Friday, August 17, 2012

The mental capacity and bravery of General Hood

In preparation for his Advance and Retreat, Hood read Sherman's memoirs and quotes from them on page 179 in regard to the morning of July 22nd, 1864 near Atlanta:

". . . Schofield was dressing forward his lines, and I could hear Thomas further to the right engaged, when General McPherson and his staff rode up. We went back to the Howard House, a double frame building with a porch, and sat on the steps, discussing the chances of battle, and of Hood's general character. McPherson had also been of the same class at West Point with Hood, Schofield, and Sheridan. We agreed that we ought to be unusually cautious and prepared at all times for sallies and for hard fighting, because Hood, though not deemed much of a scholar, or of great mental capacity, was undoubtedly a brave, determined, and rash man; and the change of commanders at that particular crisis argued the displeasure of the Confederate Government with the cautious but prudent conduct of General Joe Jackson."

Comment: Hood obviously took this as a great compliment; which initially surprised me, but upon reflection I could see his point of view -- sort of. He knew he was no scholar. In another place, upon the death of General McPherson, Hood writes, "Although in the same class, I was several years his junior, and, unlike him, was more wedded to boyish sports than to books. Often when we were cadets, have I left the barracks at night to participate in some merry-making, and early the following morning have had recourse to him to help me over the difficult portions of my studies for the day. . ."

I recall discussions with people who fancied they had sufficient mental equipment to be scholarly, but they simply weren't interested in pursuing anything of an intellectual nature. In their minds it was a matter of choice and not inherent capability. There is a bit of that in Hood's description of his West Point association with McPherson, and yet, as we know from his many pages of defense against General Joe Johnston, Hood was very capable of taking offense, but he clearly takes no offense at Sherman declaring him "no scholar" and of "no great mental capacity." It seems probable that the compliment that followed, namely that Hood was "undoubtedly a brave, determined, and rash man" outweighed any niggling concerns he might have had over having his mental capacity depreciated.

I recall something of an opposite nature from several years ago, along some border with my brother-in-law who was in the border patrol at the time and an armorer friend of his.
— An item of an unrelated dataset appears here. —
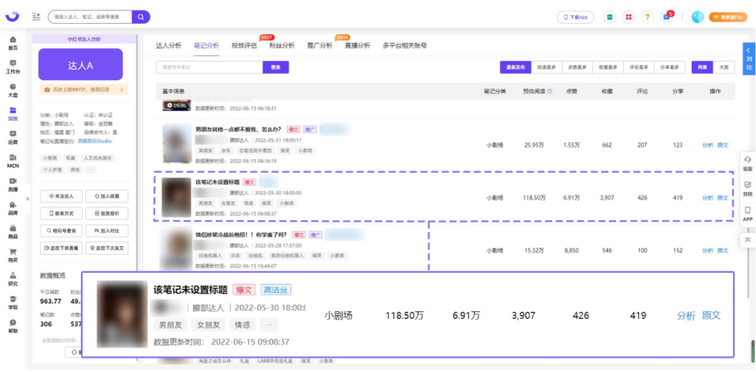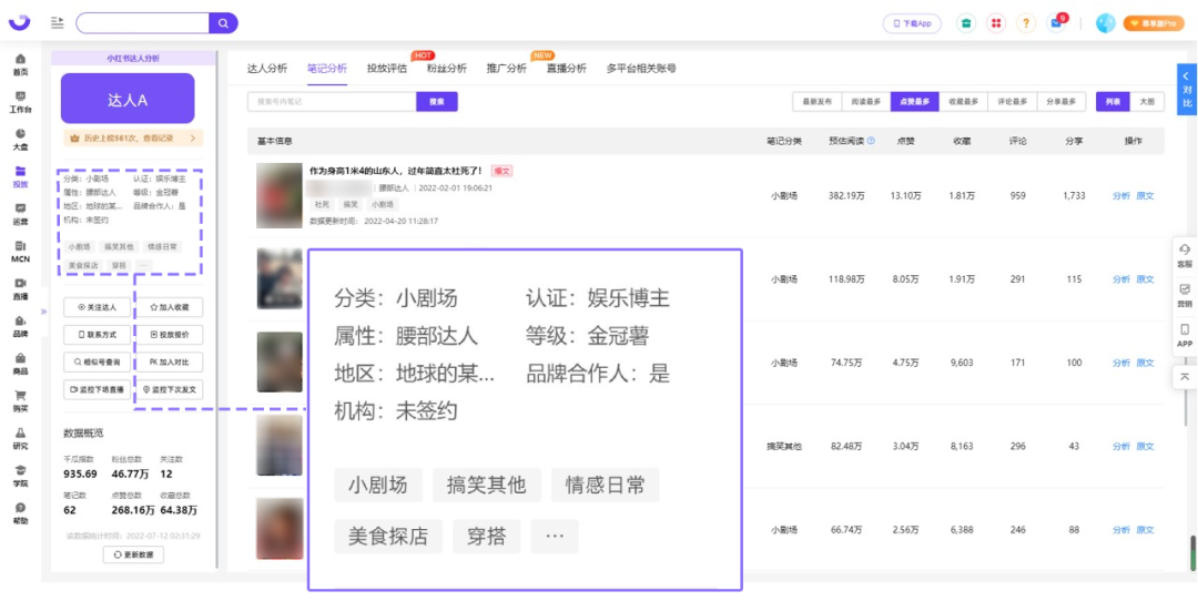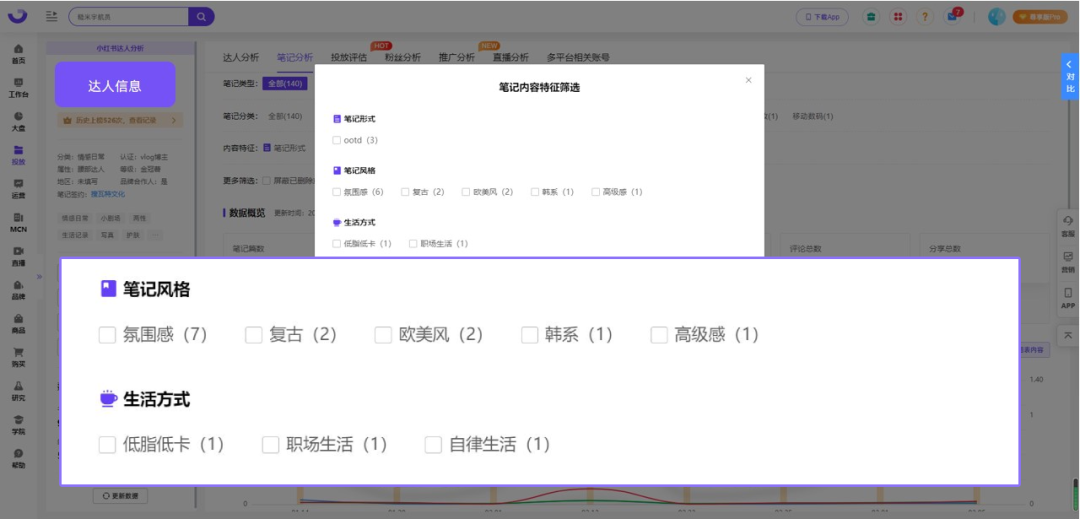 达人调性与品牌调性契合度越高,意味共创内容更易与用户形成价值共振。通过分析达人类型、达人笔记、内容风格,可了解达人调性。

My brother-in-law had been in the Army during Vietnam and I had been in the Marine Corps during Korea; so we teased each other quite a bit. We had been discussing some "what if" situation, what if such and such-nation or group attacked us -- the sort of thing Red Necks like to do -- what guns would we take and where would we go. My brother-in-law & his friend were much more into that sort of thing than I was, but at one point I held forth with some sort of theory, or some aspect of history, and they both looked at me blankly while I spoke. After I quite talking and my brother-in-law turned to his friend and said, "okay, you and I will take the guns and my Land Cruiser and head out into the desert. Helm here can stay behind and befuddle the enemy with his bullshit."